The operators need credentials to access GCP services; without a proper connection, tasks will fail with authentication errors.
Create and configure a Google Cloud connection in Airflow UI or via CLI with the right service account credentials before running the DAG.
Using legacy SQL syntax in BigQuery queries without setting 'useLegacySql' to False.
BigQuery defaults to legacy SQL which may cause query errors if standard SQL syntax is used.
Always set 'useLegacySql': False in the BigQueryInsertJobOperator configuration when using standard SQL.
Not specifying the correct location for Dataflow jobs or BigQuery queries.
GCP services require location to route requests; missing or wrong location causes job failures.

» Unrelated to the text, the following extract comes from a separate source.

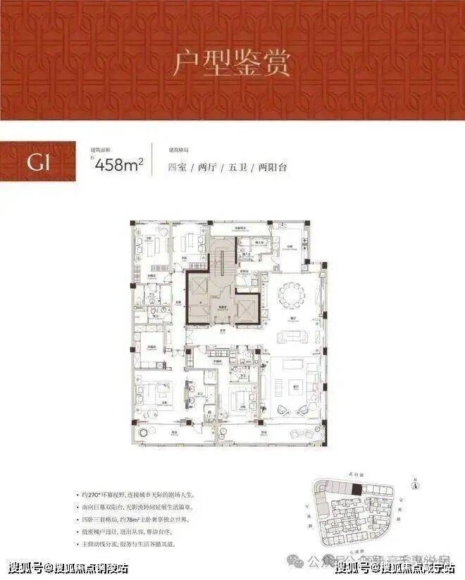 南北通透,五开间朝南,中轴格局,270°环幕采光尽揽风景。

Set the 'location' parameter correctly matching your GCP resources region.
Summary
Use GCP operators in Airflow to automate tasks with BigQuery, Cloud Storage, and Dataflow.
Define a DAG with tasks that list GCS files, run BigQuery queries, and start Dataflow jobs.
Trigger and test the DAG using Airflow CLI commands to verify the workflow.